Kamala Harris, nouvelle (Vice-)Présidente des Etats-Unis
Joe Biden a clairement laissé entendre qu’il ne viserait pas un second mandat en raison de son âge avancé. Il ne restera en 2024 plus qu’une marche à sa Vice-Présidente, Kamala Harris, pour faire voler en éclat un ultime plafond de verre, celui de l’accession d’une femme au bureau ovale. Hillary Clinton, bien que favorite des sondages en 2016, n’était pas parvenue à le briser.
Les démocrates ont confié à Joe Biden la mission de réparer l’Amérique et il leur a promis en retour de restaurer la décence et la normalité dans la vie politique du pays. Généralement, le rôle des vice-présidents est symbolique mais, cette fois-ci, ce que représente Kamala Harris est vraiment important : c’est une femme afro-américaine et d’origine indienne. Elle incarne aussi l’électorat le plus fiable du Parti démocrate, un électorat qui commence enfin à accéder au pouvoir. Pour certains, la désignation de Kamala Harris à la vice-présidence constitue surtout un galop d’essai pour 2024. A 56 ans, la future vice-présidente aura, au maximum, quatre ans pour peaufiner son profil présidentiel. En 2024, son « Yes we can » s’adressera aussi et même surtout aux femmes américaines. Lorsque Kamala Harris prononce son discours à la fin août contre la politique de Donald Trump, elle accepte de se charger de faire aboutir de toute urgence les revendications des afro-américains. Ces revendications ont mis Kamala Harris sur le ticket démocrate.
Après deux mandats de procureure à San Francisco (2004-2011), Kamala Harris avait été élue, deux fois, procureure générale de Californie (2011-2017), devenant alors la première femme à diriger les services judiciaires de l’État le plus peuplé du pays. Puis en janvier 2017, elle avait prêté serment au Sénat à Washington, s’inscrivant comme la première femme originaire d’Asie du Sud et seulement la deuxième sénatrice afro-américaine de l’histoire.
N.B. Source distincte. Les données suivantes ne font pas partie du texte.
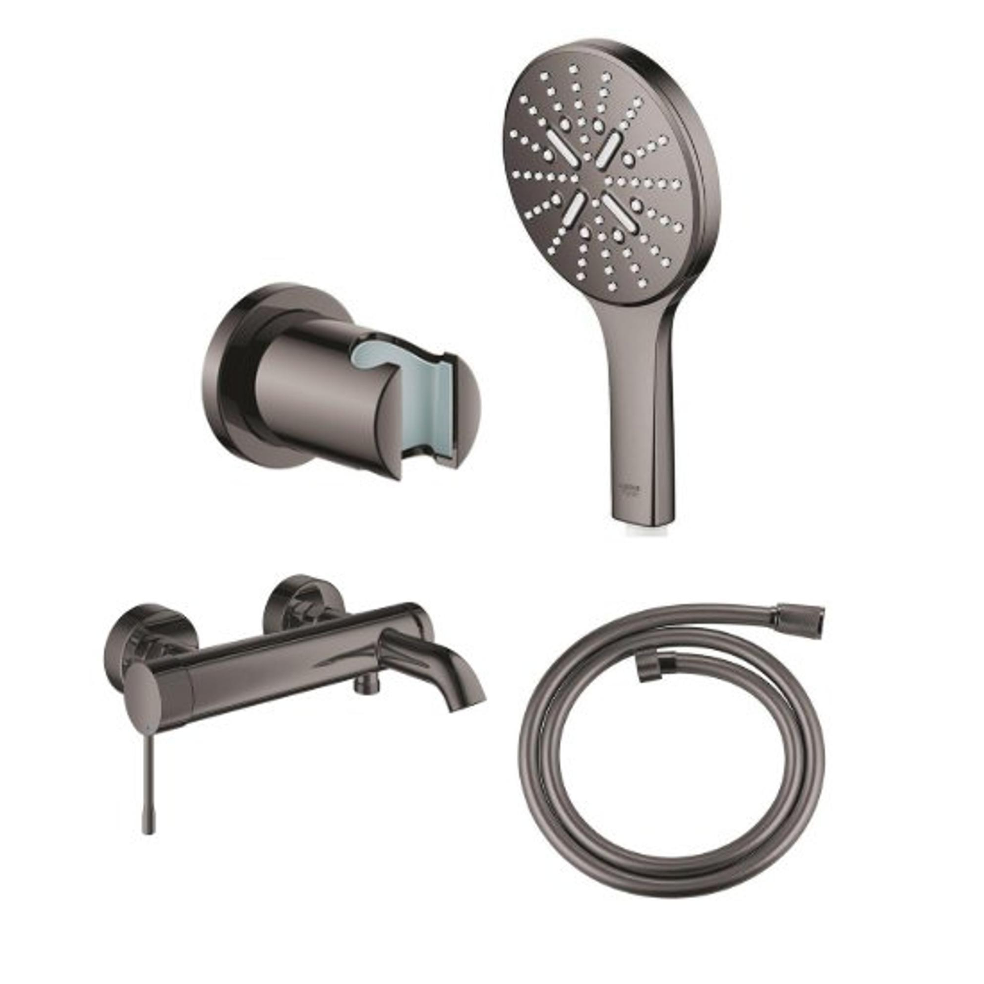 GROHE Essence New mitigeur bain/douche avec ensemble douchette à main 3 jets et flexible hard graphite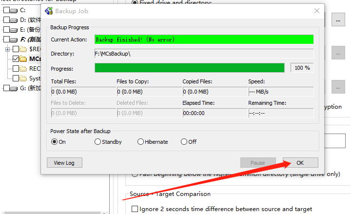 5.点击开始备份文件之后在界面中会显示一个备份文件的进度界面,等到备份完成就可以看到进度为100%了,点击OK按钮即可关个界面。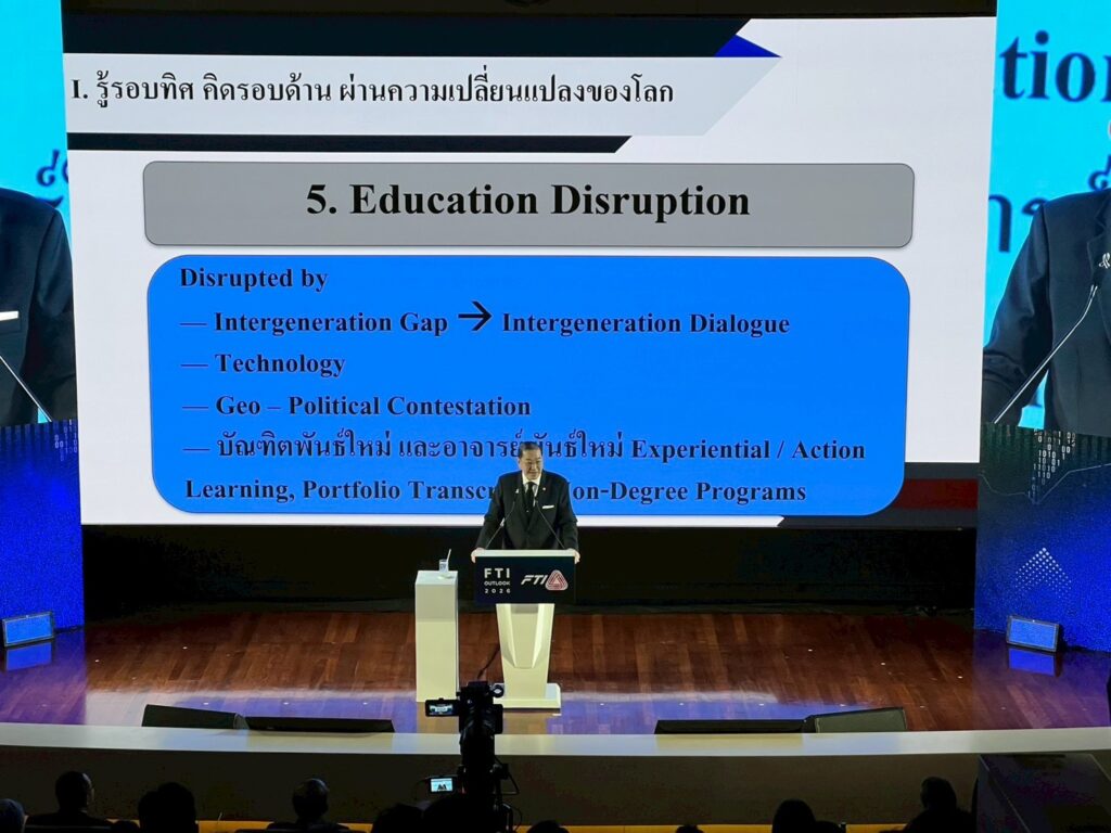ศ. (พิเศษ) ดร.สุรเกียรติ์ เสถียรไทย นายกสภาจุฬาลงกรณ์มหาวิทยาลัยบรรยายพิเศษเรื่อง “Navigating the Global Economic Landscape รู้รอบทิศ คิดรอบด้าน เศรษฐกิจโลกและเศรษฐกิจไทยในปี 2026” ในงานสัมมนาวิชาการประจำปี FTI Outlook 2026 “DECODING THAILAND’S INDUSTRY FOR THE UPCOMING FUTURE ถอดรหัสอุตสาหกรรมไทย อ่านเกมอนาคต” โดยมี ดร.เอกนิติ นิติทัณฑ์ประภาศ รองนายกรัฐมนตรีและรัฐมนตรีว่าการกระทรวงการคลังเป็นผู้กล่าวเปิดงานและปาฐกถาพิเศษเรื่อง “Policy Vision for Thailand’s Economic Transformation” นโยบายใหม่สู่การพลิกโฉมเศรษฐกิจไทย” กล่าวรายงานโดยนายเกรียงไกร เธียรนุกุล ประธานสภาอุตสาหกรรมแห่งประเทศไทย เมื่อวันพุธที่ 19 พฤศจิกายน 2568 ณ ห้อง Auditorium อาคาร 3 ชั้น 2 ปตท. สำนักงานใหญ่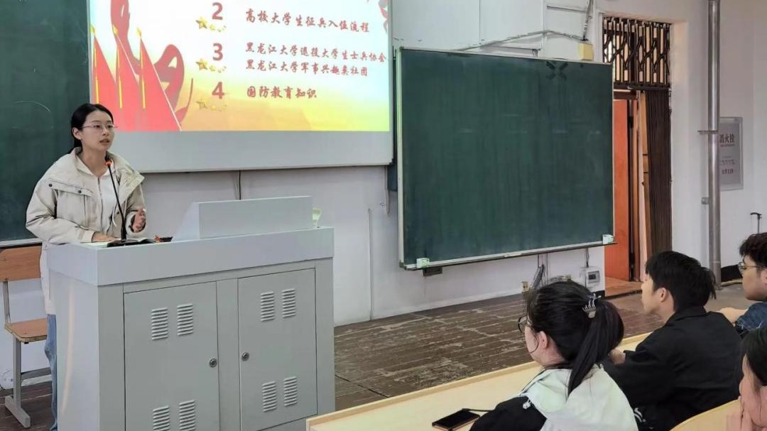 俄语学院创新采用“年级大会+主题班会”模式。辅导员通过年级大会系统解读《兵役法》及优待政策,锚定学费补偿、升学就业等学生关心要点;同时邀请退役士兵深入班级,结合自身军旅经历分享成长故事,以真实案例展现军营对意志品质的锤炼和职业发展的助力,通过“理论+情感”双重动员,激发学生参军报国的主动性与向往感。

Kamala Harris est démocrate, donc de gauche au sens américain du terme, mais elle n’appartient pas à cette branche plus « socialiste » jusqu’alors incarnée par Bernie Sanders. Comme Joe Biden, Kamala Harris veut apaiser, rassembler. Elle a également parfaitement conscience de son lien avec le mouvement Black Lives Matter et toutes les autres organisations citoyennes antiracistes qui, au cours des quatre derniers mois, ont réussi à pousser le pays vers l’égalité raciale avec un succès inégalé dans l’histoire des Etats-Unis. Cette avocate de formation appartient à la classe moyenne, comme d’importants leaders et activistes afro-américains, au premier rang desquels Martin Luther King Jr. Ces hommes et ces femmes ont fait sauter le carcan du racisme et de la ségrégation. Après l’abolition des dernières lois ségrégationnistes dans les années 1960, les membres de cette classe sociale ont été libres de vivre une vie heureuse, et beaucoup l’ont fait. Les succès durement obtenus par les universitaires, les médecins, les avocats et les cadres supérieurs étaient la preuve qu’ils poursuivaient la lutte, et que celle-ci portait ses fruits. Néanmoins et corrélativement, leur ascension les obligeait à minimiser leur préoccupation pour les afro-américains ordinaires dans leur ensemble.
Kamala Harris possède les atouts dont un candidat à la présidence américaine a besoin : elle est télégénique, elle dispose d’un sang-froid imperturbable et, comme on a pu le voir pendant la campagne présidentielle, c’est une oratrice charismatique. Elle peut être également extrêmement caustique : elle a mis en déroute le ministre de la Justice William Barr au Sénat l’année dernière, et Joe Biden lui-même lors des débats des primaires démocrates. La Vice-Présidente a la force et la légitimité nécessaires pour mettre officiellement la lutte des minorités au sommet des priorités politiques de son pays. Enfin, elle aura un rôle déterminant après le 5 janvier, date du deuxième tour de deux élections sénatoriales en Géorgie. En effet, si les démocrates remportent ces deux sièges, il y a de fortes chances que le Sénat soit composé de 50 sénateurs démocrates et de 50 sénateurs républicains. En tant que Vice-Présidente, elle aurait alors une voix prépondérante sur tous les textes de loi qui passeraient devant la chambre haute américaine.
Le ticket Biden/ Harris à quatre ans pour réparer le pays, l e temps pour Kamala Harris de se préparer.